Per Kelley’s research, while African-born slave men often married “creole” (American-born) women, African-born women tended to only marry men also from Africa. All four enslaved African women at the Mims Plantation did so, for example, but it was a trend county-wide. As Kelley wrote:
“This discrimination on the part of the women suggests that they chose partners with particular criteria in mind, probably having to do with communication and compatibility And this tendency toward endogamy was pronounced off the Mims plantation as well. The 1870 census reveals that twenty-eight of thirty-three married or partnered African-born women in Brazoria County chose African-born men. The consistency with which Africans sought out African marriage partners suggests not merely that "African" constituted a distinct identity among Brazos slaves but that African-born men and women of specific linguistic, religious, and cultural backgrounds sought--and in many cases found--marriage partners with similar backgrounds.
The Mims records reveal not only endogamous relationships among Africans but enduring and fertile ones. Though by 1845 both groups averaged 3.5 children per woman, the creole mean was distorted by one mother with 8 children, while several others had only one or two. Most of the African women, in contrast, bore 3 or 4 children. The comparatively high fertility rate (which runs counter to those for other plantation societies) suggests that the Africans would have been able to pass on select beliefs and practices to a second generation. However, we should be careful not to overstate the point. Virtually all of the Africans' children had English names, and they showed no particular preference for marriage partners with African parents. They were, in other words, creoles, though with particularly strong and immediate connections with their African past.

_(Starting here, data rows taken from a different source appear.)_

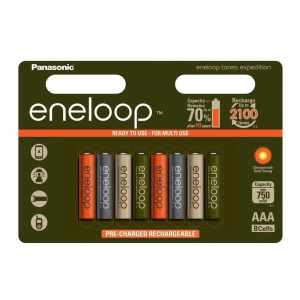 Eneloop is Panasonic’s ‘green’ rechargeable battery, now available in a new limited edition Expedition pack. The batteries can be recharged up to 2100 times, last longer than alkaline batteries and perform better at low temperatures (as low as -20°C). Furthermore, they supply energy for longer than traditional Ni-MH batteries. Traditional Ni-MH batteries fail to work once the voltage drops below 1.1 volts, whereas Panasonic Eneloop batteries keep the voltage level over 1,1 volts for a longer time. eneloop uses energy from the sun and envisions sustainable Clean Energy Lifestyle by encouraging repeated use. The Eneloop Expedition batteries are perfect for navigation systems, lanterns, torch lights and transceivers, TV remotes, toys etc. etc.SpecificationsLimited “Expedition” Colour Edition Can be recharged up to 2100 timesReady to use even after 10 years of storage Pre-charged by solar energy Higher usable capacity than standard batteries Superior discharge at low temperature Voltage: 1.2V Typical capacity: 800mAh Minimum capacity: 750mah Chemistry: Ni-MH (superior Nickel Metal Hydride)Note * After 10 years capacity remains at 70%
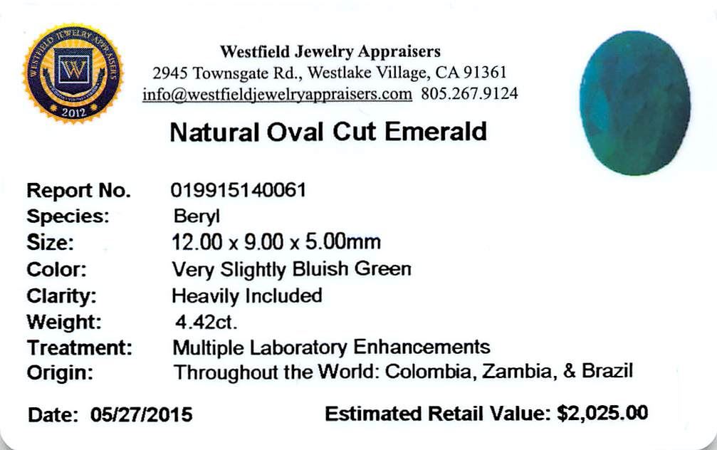 One oval mixed cut natural emerald, measuring 12.00 x 9.00 x 5.00mm, exact weight 4.42ct., clarity is heavily included, type III, medium dark, very slightly grayish, very slightly bluish green color, (GIA vslbG 6/3), cut is good. Transmitting light somewhat diffusely, translucent, Naturally occurring internal & external characteristics are present, Indications of multiple laboratory enhancements, including high temperature heat treatment. Westfield Appraised at $2,025.00.
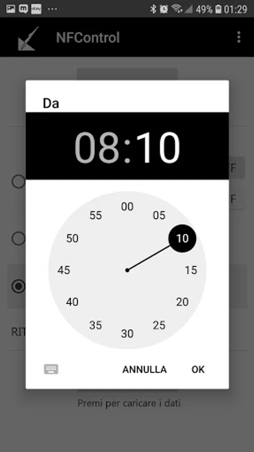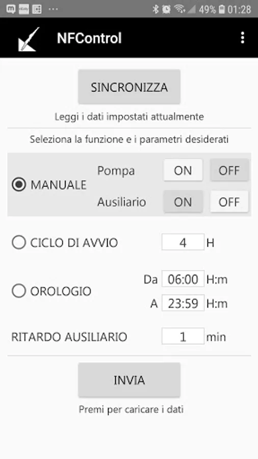 The NFControl app can read and write data on the NFControl Mifare NFC card. The smartphone must be close to the card. The Synchronize button reads the programming data from the NFC card. The Send button sends the data to the NFC card. The app allows you to modify the displayed data before uploading them.
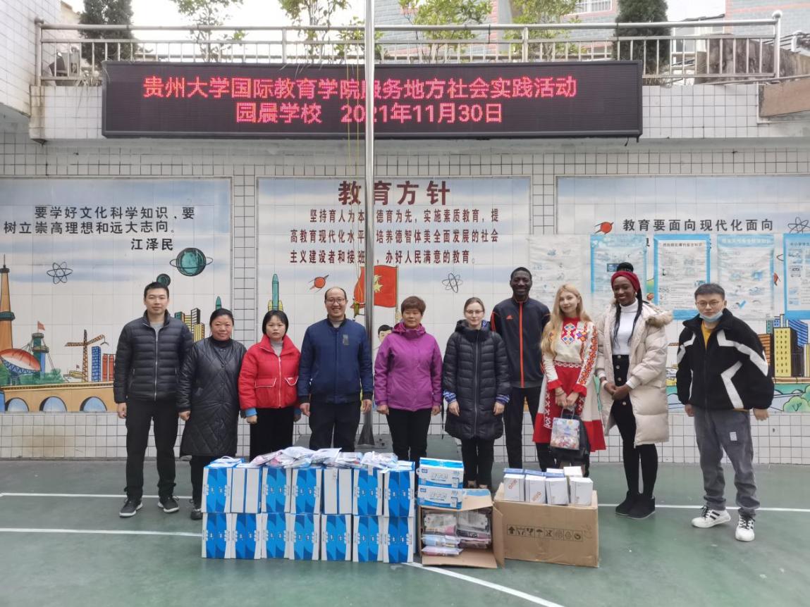 2021年11月30日,国际教育学院组织师生代表8人赴南明区云关乡园晨学校开展“服务地方社会实践”活动。活动由学院党委副书记甘孝琴带队,3名教职工代表,以及来自俄罗斯的缇娅娜、尼日利亚的刘雨佳、哈萨克斯坦的美丽、加蓬的高曼参与活动。
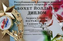 Гимназия укучылары "Бәхет йолдызы" республика милли татар сәнгате фестиваль-конкурсында катнаштылар. Салахиев Ралиф (җитәкче Зарипова А.Г.) I дәрәҗә лауреат исеменә лаек булды. Сафиуллин Булат, Гыйләҗева Айзилә (җитәкче Мөхәмәдшина Р.И.) III дәрәҗә лауреат исеменә лаек булдылар. Әмирханова Сөмбел (җитәкче Мөхәмәдшина Р.И.) I дәрәҗә дипломант. Тазеев Инсаф (Мөхәмәдшина Р.И.) II дәрәҗә дипломант. Молодцы балалар! Горурланабыз!
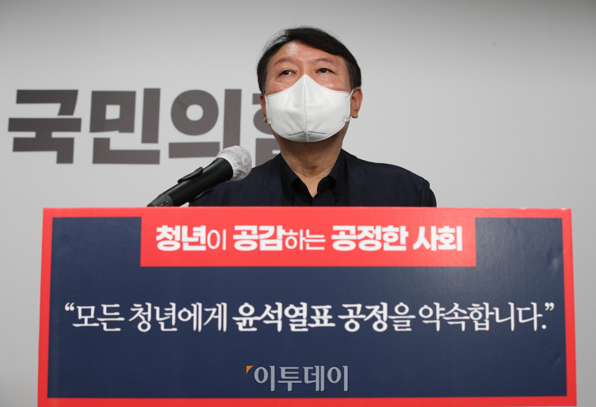 윤석열 국민의힘 대선 경선 후보가 21일 오전 서울 여의도 국민의힘 중앙당사에서 청년정책 공약을 발표하고 있다. 이 자리에서 윤 후보는 “전두환 옹호 발언과 관련 비판을 겸허히 수용하고 유감을 표한다”고 밝혔다.

In studying the history of Brazoria County, I’ve come to a sense of tragedy and frustration. For such an old county, there is very little “history.” Which doesn’t mean that a lot of things didn’t happen here, that many lives and souls have passed through. Very little of it was recorded. With at least seven of ten Brazoria Countians enslaved up until 1865, and probably about half of the remaining people here illiterate, we have only the selective memories of the elite Whites to go from.
How much music and culture and folklore and wisdom has been lost on these haunted and brutal former plantation lands? I am grateful my ancestors captured some of what remained in the 1930s, when they visited the prison farms that literally evolved out of the plantations on the very same grounds, but little of what they found was unadulterated by contact with people from the rest of Texas and the nation. What could we have learned of early 19th Century Africa had anyone the heart, head and soul to listen to those they’d enslaved?
Guess we now need to rename Fannin street and our state capitol.
If Texans were willing to leave and fight the Union to maintain slavery, it stands to reason that was also a major reason they were previously willing to do the same with Mexico. Granted, there were some compelling reasons to leave Mexico that had nothing to do with slavery, but few things motiviate people to fight as much as the threat of losing their "property." And Mexico was threatening the Texan slave owners with that prospect. So I agree with your contention that it was likely a major cause. Even if it was downplayed in my year long 7th Grade Texas History Class in College Station. Which itself was once cotton and slave country, and still had the look, when I lived there, of Jim Crow sharecropper country when you went for a drive in the country.